Мати, запыхавшись, торопился вверх по лестнице. Первый этаж, второй, третий. Стоп! Вот она, квартира номер девять.

Рука поднялась, но на кнопку звонка еще не нажала. Вместо этого протиснулась возле горла под шарф. Выпрошенный у отца черный галстук-бабочка находился точно на месте. Палец коснулся круглой кнопочки. И она цела — белая жемчужинка посередине черной бабочки. Эффектно!

Пальцы скользнули дальше, тронули кончик белого платка в нагрудном кармане.

Ботинки? Снежная улица блеска не попортила. На всякий случай Мати потер ботинки о штанины, потом отряхнул нижние края брюк от несуществующей пыли.

О квартире Сирье в классе ходили довольно невероятные слухи. Изысканная, элегантная, модная! Так щебетали девчонки, те, кто бывал у нее в гостях. Лиловая комната, белая… Вместо стола и стульев — кубики, которые можно расставить по-разному. Мохнатая шкура на полу. Железная решетка на стене. По ней вьется плющ и другие растения. Люстры и бра не видно. И не поймешь, откуда свет проникает в комнату.

Теперь и Мати приглашен вместе с другими в гости к Сирье. На елку. Оттого Мати так старательно и наводил стрелки на брюках. И выпросил у отца по этому случаю, кроме галстука, еще и запонки. И по магазинам искал для Сирье подарок. Нашел красивую брошь. Вещь, правда, дорогая, но из заработанных летом денег еще кое-что оставалось.

В последнее время Сирье стала для Мати как-то очень близкой. Поди разбери, почему только этой осенью Мати вдруг заметил, что в классе были не просто девчонки, а была Сирье и были другие девчонки.

Мати взбил хорошенько шарф, взял предназначенный для матери Сирье букет так, как учили дома, и нажал на звонок.

Дверь распахнулась, и из передней на Мати хлынул синеватый, словно бы прохладный свет. «Лампы дневного освещения», — отметил про себя Мати.

— Мати! — воскликнула Сирье таким голосом, будто вовсе и не ждала его и даже не приглашала.

Но у Мати было столько забот со своими планами, что он пропустил мимо ушей интонацию голоса Сирье. Он с достоинством поклонился и произнес: «Хеллоу!»

Это было заготовленное приветствие. Потому что в лиловую комнату с кубиками не годится входить с обычным «здравствуйте».

Сирье ухватилась за шарф Мати и разом стащила его. Мати даже испугался, не сорвал ли такой прием белую жемчужинку с черного галстука. К счастью, украшение было на месте.

В переднюю встречать гостя вышли также мать и отец Сирье.

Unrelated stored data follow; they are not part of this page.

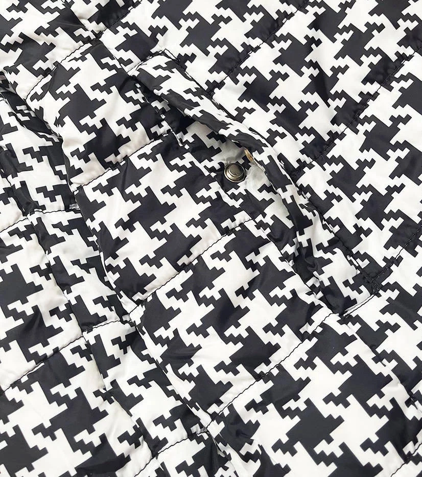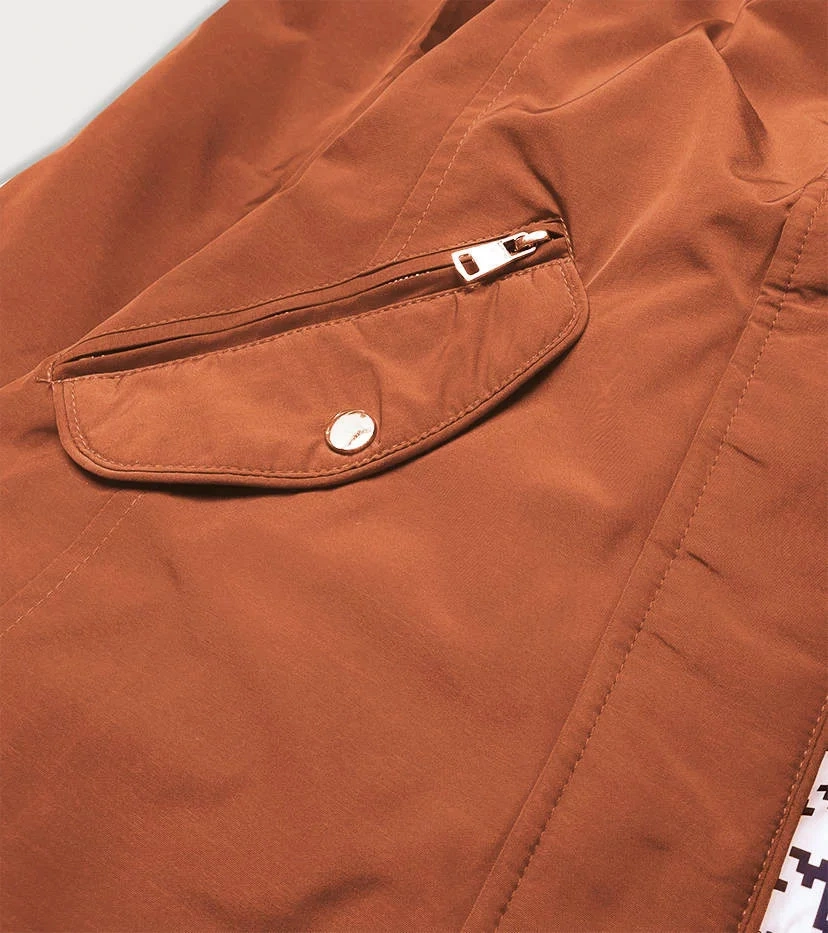 Bunda je ľahko zateplená syntetickým páperím. Jedna strana bundy je hladká a druhá je jemne prešívaná. Model má kapucňu, ktorá sa nedá odopnúť. Vzadu v páse modelu je elastický pás. Na každej strane bundy sú dve vrecká. Všetky zipsy a patentky sú striebornej farby.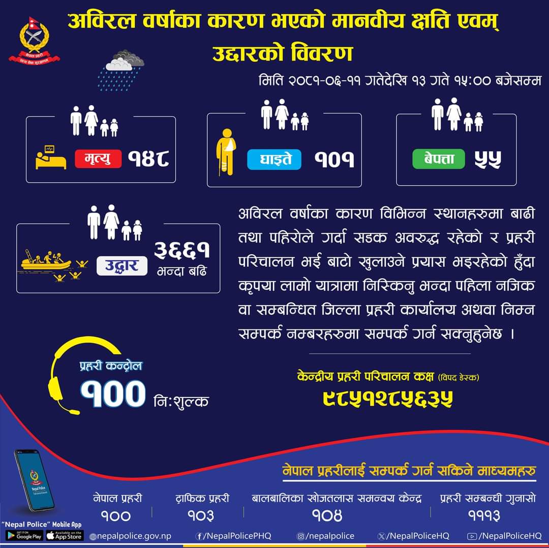 नेपाल प्रहरीले आज जारी गरेको तथ्यांक अनुसार अविरल बर्षापछि आएको बाढी, पहिरोमा परी आइतबार दिउँसो तीन बजेसम्म देशभर एक सय ४८ जनाको मृत्यु भएको छ । भने एक सय १ जना घाइते रहेको र ५५ जना बेपत्ता भएका छन । भने ३ हजार ६ सय ६१ जनाको उद्धार गरिएको नेपाल प्रहरीले जारी गरेको सूचनामा उल्लेख छ ।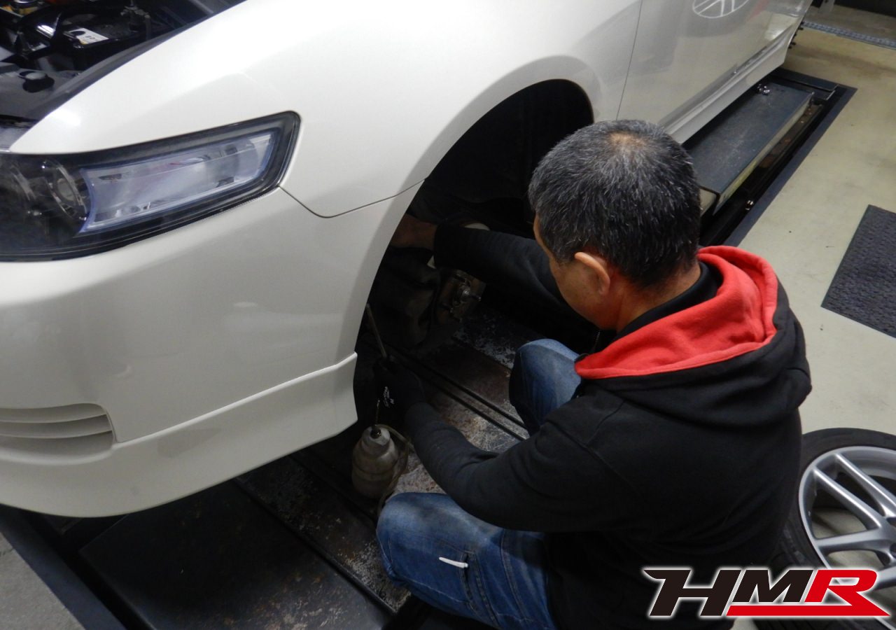 HMR(エイチエムアール)の栗原です。今回は無限リアスポイラー 純正エアロ&レカロシート装備のアコードユーロR(CL7)の納車前点検整備を行いました。担当メカニックはワタナベです。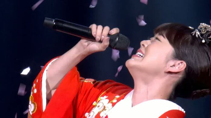 この日、最終的に選んだ衣装は、2階席のファンにも見えやすい華やかな柄の着物だった。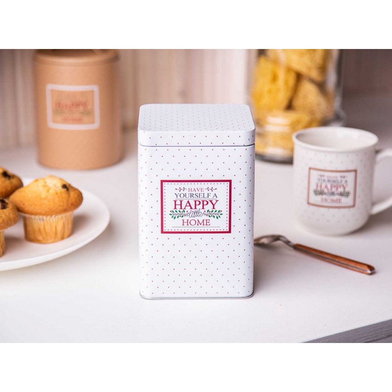 Limenka / posuda za kavu, čaj, šećer, rasute proizvode s četvrtastim poklopcem Altom Design Victoria Home bijela Metalne limenke s poklopcima praktični su i dizajnerski način za pohranu kave, čaja, šećera i ostalih rasutih proizvoda. Dimenzije limenke: dužina – 10,5 cmširina – 10,5 cmvisina – 16 cm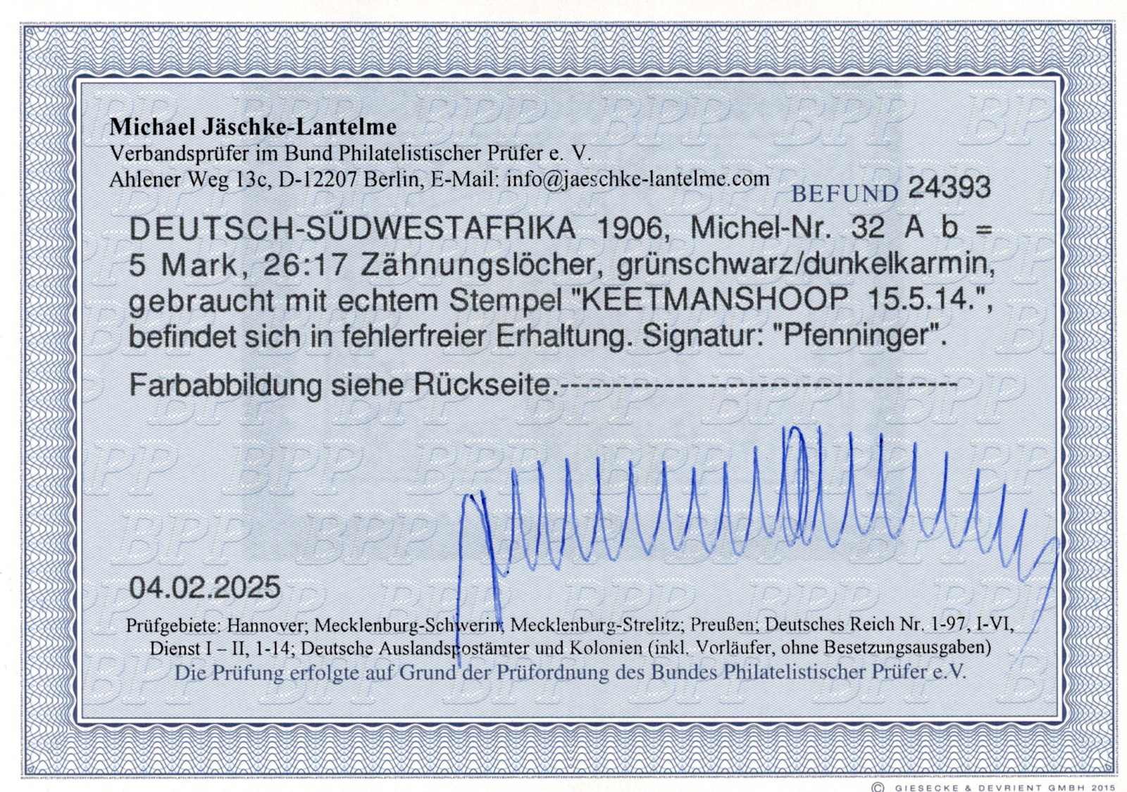 1906, 5 M. Kaiseryacht im Friedensdruck grünschwarz/dunkelkarmin gestempelt, einwandfreie Qualität, signiert Pfenninger, Fotobefund Jäschke-Lantelme BPP 02/2025 (ME 450,-) (Image) (imagea)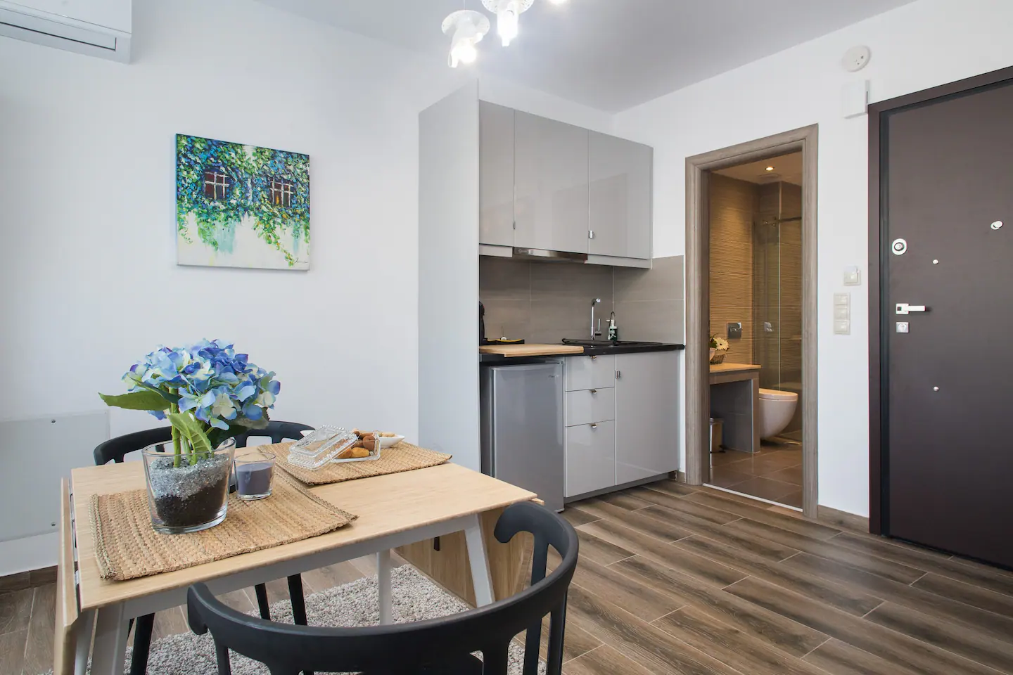 As usual when booking on line you count on reviews and the honesty of your host. When I arrived by taxi from a ride pre arranged from these hosts, the driver made sure I knew exactly where I was. All check in instructions were super clear with pictures. Everything was squeaky clean which I appreciate. It is small but perfect for 1-2 people. The shower worked well, water hot, bed comfy. The hosts made some recommendations that were very important to start to get oriented. Although not pretty, the neighborhood is safe and quiet and about a literal five minute walk to the left you are in beautiful Monastiraki and you have beauty and great food and everything you need. The hosts were quick to respond. Although I did not have any issues with the accommodations, I did need help with directions or transportation and my issues were always resolved. I would definitely rent again from these hosts. They were kind and respectful and never made me feel like I was bothering them

У мамы были прямые, светлые до плеч волосы, у отца до половины щек борода и густые усы.

«Совсем как актеры!» — промелькнуло в голове у Мати, и самоуверенность его заметно поубавилась, как ртутный столбик, если неожиданно тряхнуть градусник.

Поздоровавшись и передав цветы, Мати смог поближе рассмотреть Сирье. Она была в черных расклешенных брюках, на плечах какое-то подобие белого пиджака. Спереди сверкали серебряные пуговицы.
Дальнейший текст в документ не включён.